Echoes – April/May 2011

Is this Healthcare change… or just rhetoric?

Legislative Jockeying…

The flurry of healthcare related activity in St. Paul over the past month has not really cleared up where the state will land on the accountability issue.

A number of bipartisan bills targeted at  fiscal accountability for the HMOs serving state funded healthcare programs did not meet committee deadlines.  This doesn’t mean that they are gone for the year, but the road ahead is much more difficult if these bills are to be brought  to a vote in the MN Legislature.

An aide to Sen.
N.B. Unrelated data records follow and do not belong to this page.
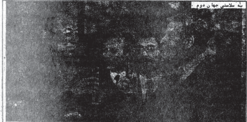
به سلامتی جهان دوم

(۳) - راجع به چگونگی عملکرد این بنگاه‌ها، از آلبانی امروز شماره ۵ (۲۸) سال ۱۹۷۹، بهره‌برداری شده است.
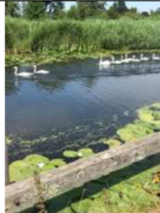
22/07, knobbelzwanen , Maassluis, Bruun vd Steuijt.
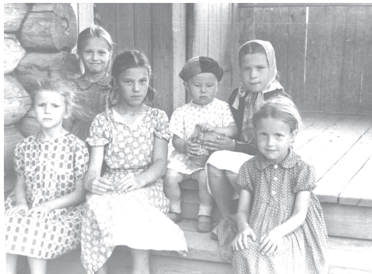
На крылечке своем...

не пускать, рядом была другая, чуть пониже, но нас тянуло на большую. По вечерам там было весело. Взрослые и молодежь с удовольствием катались с горки. Людей было столько, что легко и задавить могли.
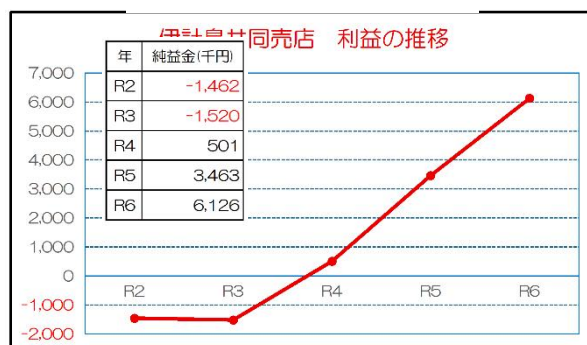
第3図 伊計島共同売店 利益の推移

自治会が管理している麦畑では、移住者と地元の交流を目的に麦踏み体験や収穫体験を行っている。体験には子ども会も参加し、伝統文化の継承や後継者の育成に取り組んでいる。これらの取り組みは、近隣の島や他地域にも優良事例として波及している。
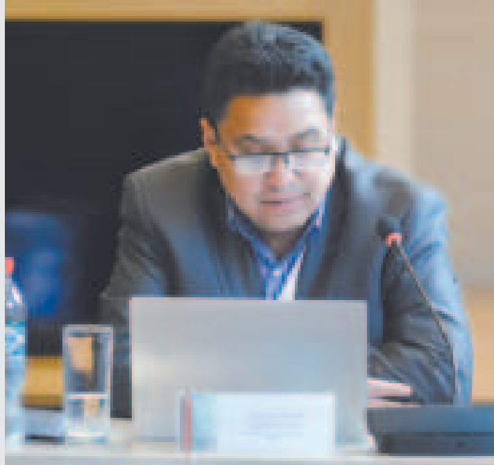
El procurador general del Estado, César Siles, en conferencia de prensa.

"El señor Evo Morales ya se presentó a una reelección en Bolivia, ya no tiene opción a más, pues hay una sentencia constitucional y la opinión consultiva de la Corte-IDH, que determina que la reelección en el país está prevista en el artículo 168 de la Constitución, que dice una vez de forma continua, por tanto, ahí se termina la discusión, por lo menos desde el punto de vista técnico y legal", expuso Siles en conferencia de prensa.
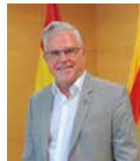
Pere Granados Carrillo Alcalde de Salou

Els convidem, doncs, a que participin i gaudeixin, al màxim, de tots els tallers, conferències i sortides que els hem preparat, amb el millor aprofitament i gaudiment.
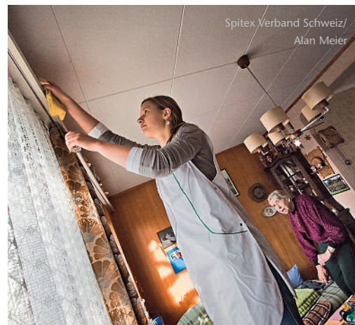
Les prestations d'économie ménagère et de prise en charge sociale représentent presque 40% des heures facturées par l'Aide et soins à domicile.
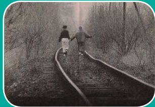
Kino: Winter adé

Rolandsmauer 26 49074 Osnabrück www.lagerhalle-os.de mail: info@lagerhalle-os.de fon: 0541-33874-0 fax: 0541-33874-50
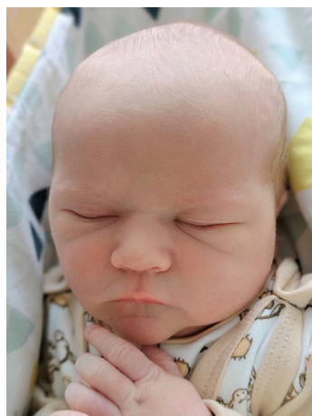
Jan , 3.11.22, 51 cm, 3880 g
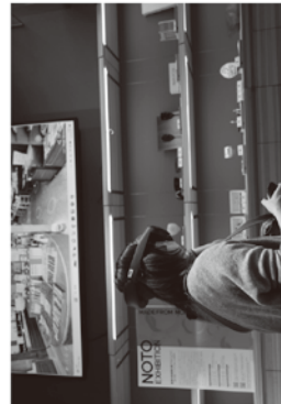
会場では来場者が、バーチャルモールを通して被災地の能登企業のショップ・ファクトリーを見学
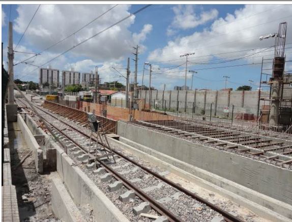
Foto 5 – Vista do canteiro da Estação Padre Cícero – sentido Centro de Fortaleza.
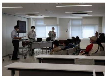
リモートで現場視察
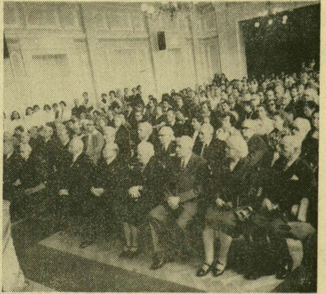
Jubileumi diplomások a SZOTE tanévnyitóján

Sean Nienow, author of a  number of health reform accountability bills, said that even if those bills don’t get a committee hearing before the deadline that doesn’t mean they are dead.  It means that there could be plans to submit bills through the Rules Committee or even have them included in the Omnibus bill.

Adding a bit to the confusing state of legislation is the continuing push by Gov. Dayton to add his pieces into any healthcare reform this year. Those pieces include, but are not limited to, competitive bidding by HMOs for the right to service state funded healthcare programs and limiting the profitability by HMOs to a 1% maximum limit every year.  Both of those moves, although laudable, offer substantial wiggle room for the HMOs who currently provide insurance for all of the state funded programs.  The wiggle room comes in the form of non-standardized accounting practices that the HMOs are allowed to offer up as proof of their own accountability.  These self-funded and self-reported audits are done by  agencies hired by the HMOs, not by external sources.  The reporting requirements are uniquely determined, in large part, by the HMOs themselves, giving strong reason to question the overall accountability for the $3 billion tax dollars funneled into these companies each biennium.
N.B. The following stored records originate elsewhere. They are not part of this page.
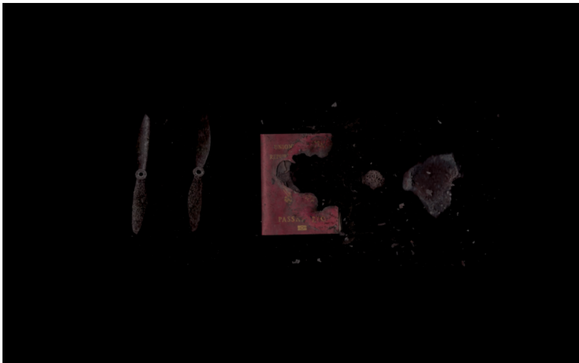
C. Cogitore, Ferdinandea: Uncertainties (2022).

E ciò che Leoni sottolinea, tramite il prisma artistico di Cogitore, è che di fronte a questi eventi, a questa dimensione insignificante - «[l'evento] è insignificante [...], in quanto accade, è in quella sequenza ma non segue proprio niente, e non è seguito da niente» (p. 10) - è proprio il sapere che l'umano erge a strumento per proteggersi dall'enigmaticità, dall'indecifrabilità e dalla potenziale irruenza con cui l'evento si dà nella nostra esperienza.
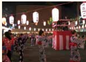
西武井荻商店街振興組合 「納涼盆踊り大会」
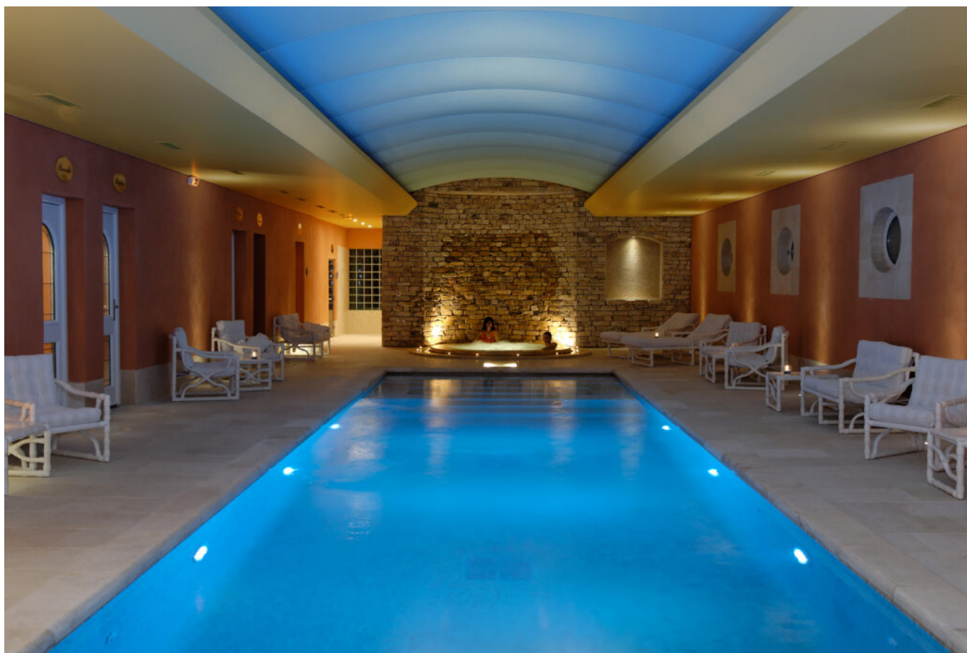
Piscine intérieure SPA

At stake in all of the healthcare reform talk and/or actions,  are a couple of things:

First, there is the overriding issue of reforming an increasingly expensive and increasingly exclusive system whose cost seems to be running out of control.  More and more people are excluded from the current system every day, as costs continue to soar.  HMOs have taken to attributing those rising costs to the care providers themselves thereby deflecting any and all inferences that the HMOs themselves could have waste or unwarranted expenses.

Secondly, there is the political issue of who is being a “good watchdog” of  the tax dollars collected and spent on healthcare in Minnesota.  The tag of being labeled the “fiscally responsible” group is much coveted and seems to, in many cases, outstrip the concern for improving the accessibility and quality of the healthcare system.  The jockeying for achieving most-favored status, in the eyes of the MN electorate concerned about health reform, has turned into a real heavyweight bout.
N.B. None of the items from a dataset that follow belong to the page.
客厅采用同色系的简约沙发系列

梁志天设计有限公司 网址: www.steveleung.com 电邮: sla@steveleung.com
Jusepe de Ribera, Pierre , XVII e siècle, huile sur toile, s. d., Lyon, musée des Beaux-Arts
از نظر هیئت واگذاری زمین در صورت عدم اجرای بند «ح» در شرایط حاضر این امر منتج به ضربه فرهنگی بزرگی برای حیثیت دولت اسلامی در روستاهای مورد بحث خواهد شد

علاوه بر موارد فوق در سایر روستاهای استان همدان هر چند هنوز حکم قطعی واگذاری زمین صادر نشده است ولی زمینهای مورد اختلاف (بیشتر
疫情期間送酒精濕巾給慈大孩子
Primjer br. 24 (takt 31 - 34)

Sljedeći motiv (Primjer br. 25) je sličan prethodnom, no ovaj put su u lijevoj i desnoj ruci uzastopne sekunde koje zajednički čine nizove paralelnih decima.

The HMOs, the MN legislature, the governor and the MN Council of Health Plans (the trade group representing all MN HMO providers) are all slugging it out  to protect their turf, their image and their (our) tax dollars.

Advocates allied and working together for healthcare reform like *GMHCC, **MUHCC and Take Action-MN, have all played a significant role in getting the debate going, aided in large part by the November 2010 firing of whistleblower Dr. David Feinwachs, the 30-year general counsel to the MN Hospital Association.  Feinwachs was terminated from his position after pressure was applied by the HMOs in Minnesota. They were upset with a video, produced by Feinwachs, which highlighted the lack of accountability for healthcare spending  of tax dollars in the state, which directly and indirectly  pointed out the culpability of the HMOs.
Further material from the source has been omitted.